Berechnungsbeispiel für eine Lebensversicherung mit vier Prozent Garantiezins und konstantem Referenzzins von 1,57 Prozent: 

Zum 31.12.2021 hat der Vertrag noch zehn Jahre Restlaufzeit. Die ZZR wird also für zehn Jahre für die Garantiezinsen oberhalb des Referenzzinses von 1,57 Prozent gestellt. Zum 31.12.2022 beträgt die Restlaufzeit des Vertrages neun Jahre, entsprechend wird die ZZR auch nur für diese Zeit gebildet. Sie verringert sich also. Die freiwerdende ZZR wird zur teilweisen Finanzierung des Garantiezinses genutzt. Vereinfacht gesprochen werden so 2,43 Prozent des Garantiezinses finanziert, weitere 1,57 Prozent kommen aus den Zinserträgen der Kapitalanlagen.

Wie der Zinsanstieg auf die Bilanz wirkt 

Während Lebensversicherer in Zeiten sinkender Zinsen stille Reserven ansammelten, kommt es bei steigendem Zinsniveau zu einem Rückgang der Bewertungsreserven. Steigt der Zins wie zuletzt sehr stark, können stille Lasten entstehen. Werden die zugrundeliegenden Wertpapiere vom Lebensversicherer bis zur Endfälligkeit gehalten, hat die Entstehung stiller Lasten jedoch keine Auswirkungen auf die Verzinsung der Versicherer. Die Zinserträge aus der Kapitalanlage bleiben von der Entstehung stiller Lasten unberührt, einzig der Zeitwert der zugrundliegenden Anlage sinkt. 

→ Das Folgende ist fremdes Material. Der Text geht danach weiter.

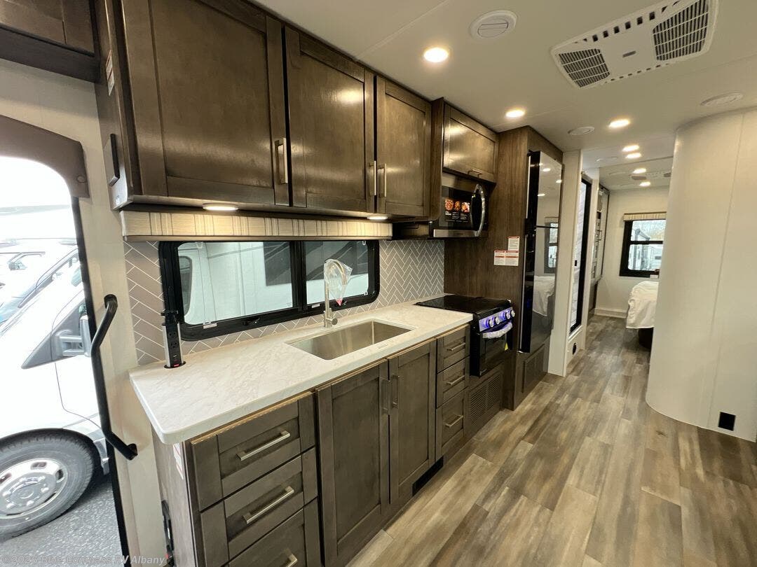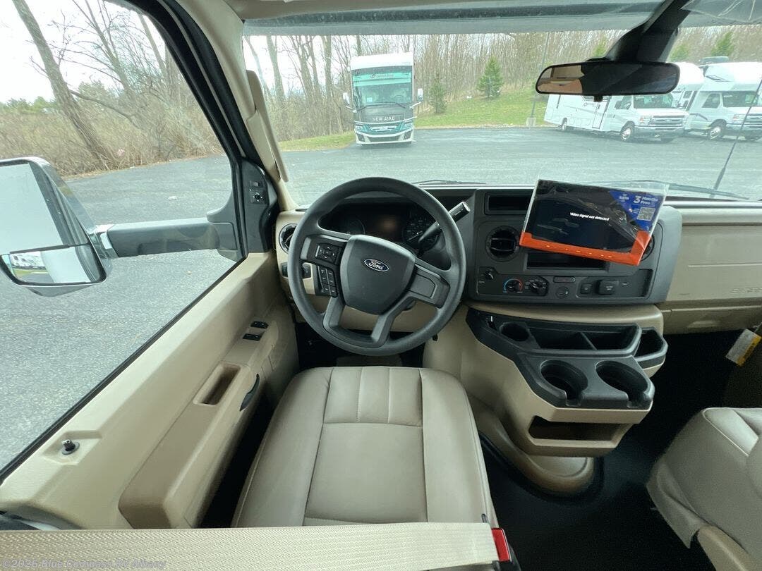 With any Greyhawk Class C gas motorhome by Jayco you will experience smooth sailing thanks to the JRIDE PLUS that comes with Koni shock absorbers, a computer-balanced driveshaft, Hellwig helper springs, and more. The Ford E-450 chassis with a 7.3L V8 325 HP engine will power your excursions, and you'll appreciate the added safety features for your peace of mind. Each model features a Sony infotainment center with Apple CarPlay and Android Auto, backup and side-view cameras, and a tire pressure monitor system the driver is sure to appreciate. Durable construction begins with Stronghold VBL roof, floor and sidewalls, bead-foam insulation, and a one-piece seamless fiberglass front cap. Head inside to find blackout night roller shades, LED-lit pressed countertops, an 84" interior ceiling height, and hardwood cabinet doors and drawers.
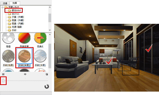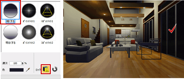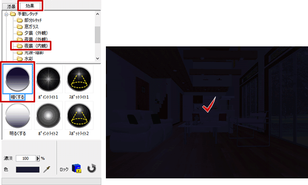 A:「効果」タブの「手動レタッチ」の「夜景(内観)」の効果を使って、昼のパースから夜のパースに変更することができます。
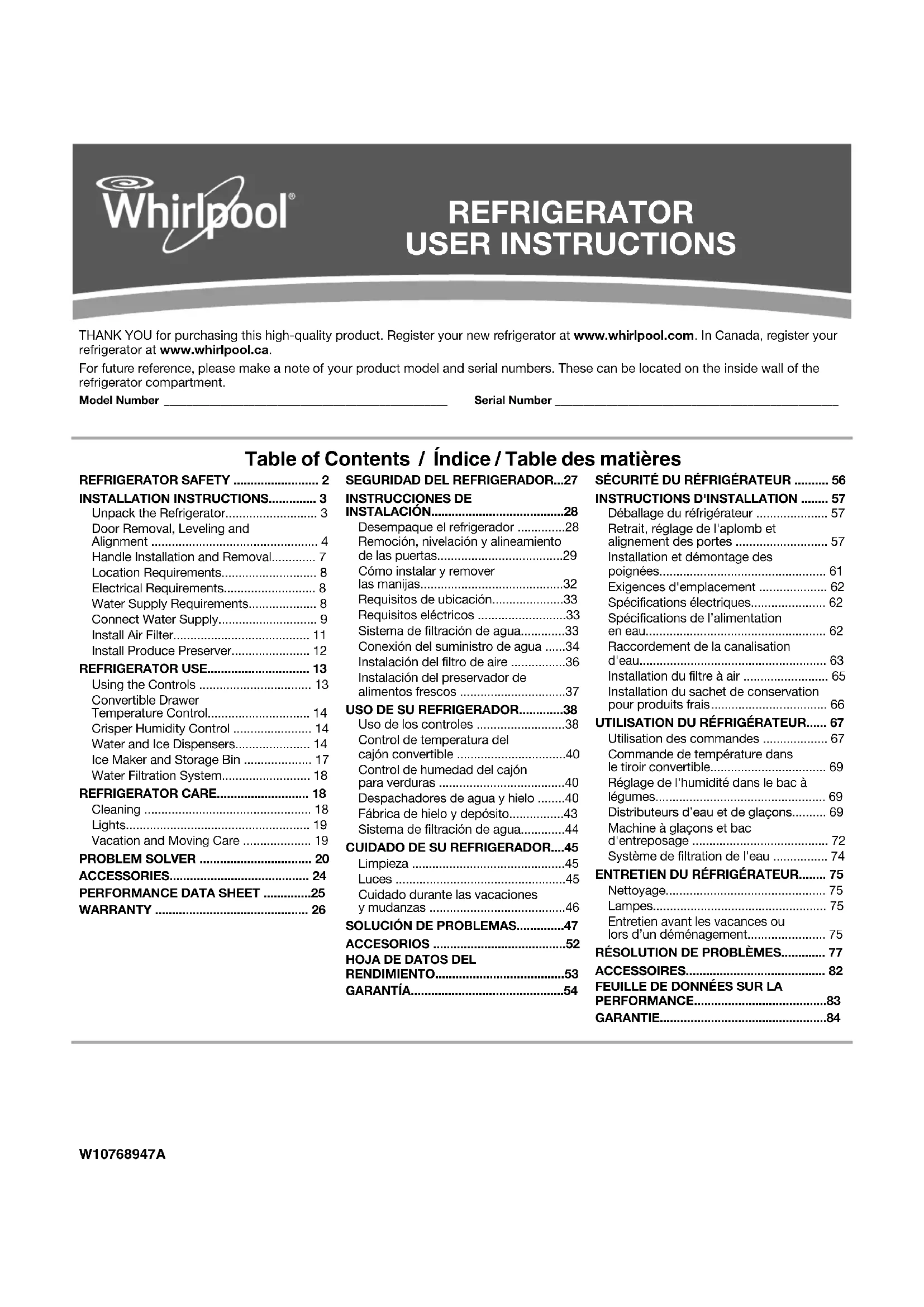 originaux ont été enlevés, modifiés ou ne peuvent pas être facilement identifiés. Le coût d’une réparation ou d’un remplacement dans le cadre de ces circonstances exclues est à la charge du client.8585 12/14 CLAUSE D'EXONÉRATION DE RESPONSABILITÉ AU TITRE DES GARANTIES IMPLICITES LES GARANTIES IMPLICITES, Y COMPRIS LES GARANTIES APPLICABLES DE QUALITÉ MARCHANDE OU D'APTITUDE À UN USAGE PARTICULIER, SONT LIMITÉES À UN AN OU À LA PLUS COURTE PÉRIODE AUTORISÉE PAR LA LOI. Certains États et provinces ne permettent pas de limitation sur la durée des garanties implicites de qualité marchande ou d'aptitude à un usage particulier, de sorte que la limitation ci-dessus peut ne pas être applicable dans votre cas. Cette garantie vous confère des droits juridiques spécifiques et vous pouvez également jouir d’autres droits qui peuvent varier d’une juridiction à l'autre. EXONÉRATION DE RESPONSABILITÉ DANS LES DOMAINES NON COUVERTS PAR LA GARANTIE Whirlpool décline toute responsabilité au titre de la qualité, de la durabilité ou en cas de dépannage ou de réparation nécessaire sur ce gros appareil ménager autre que les responsabilités énoncées dans la présente garantie. Si vous souhaitez une garantie plus étendue ou plus complète que la garantie limitée fournie avec ce gros appareil ménager, adressez-vous à Whirlpool ou à votre détaillant pour obtenir les modalités d'achat d'une garantie étendue. LIMITATION DES RECOURS; EXCLUSION DES DOMMAGES FORTUITS OU INDIRECTS LE SEUL ET EXCLUSIF RECOURS DU CLIENT DANS LE CADRE DE LA PRÉSENTE GARANTIE LIMITÉE CONSISTE EN LA RÉPARATION PRÉVUE PAR LA PRÉSENTE. WHIRLPOOL N’ASSUME AUCUNE RESPONSABILITÉ POUR LES DOMMAGES FORTUITS OU INDIRECTS. Certains États et certaines provinces ne permettent pas l’exclusion ou la limitation des dommages fortuits ou indirects de sorte que ces limitations et exclusions peuvent ne pas être applicables dans votre cas. Cette garantie vous confère des droits juridiques spécifiques et vous pouvez également jouir d’autres droits qui peuvent varier d’une juridiction à l'autre.868686868686 Notes878787878787 NotesW10768947A EN/FR PN W10768948A
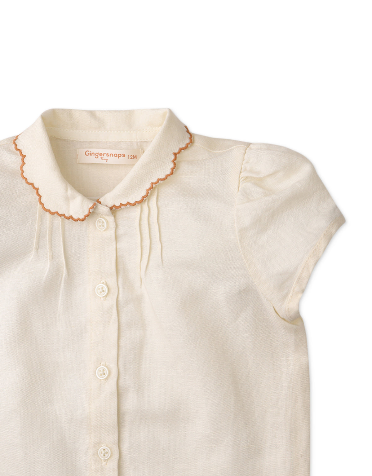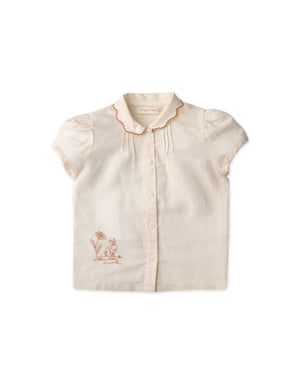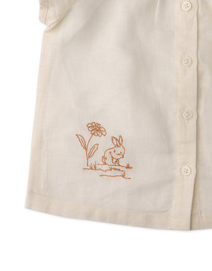 Celebrate simplicity with this white button-down blouse, embellished with a playful scalloped collar and the cutest bunny embroidery details!

In der Vergangenheit haben Lebensversicherer durch die Auflösung stiller Reserven die Nettoverzinsung erhöht und damit die ZZR finanziert. Dies ist nun seltener oder nicht mehr erforderlich. Trotz steigender Renditen festverzinslicher Anlagen in der Neu- und Wiederanlage (rund 77 Prozent der gesamten Neu- und Wiederlange) ist daher zunächst mit einem Rückgang der Nettoverzinsung zu rechnen.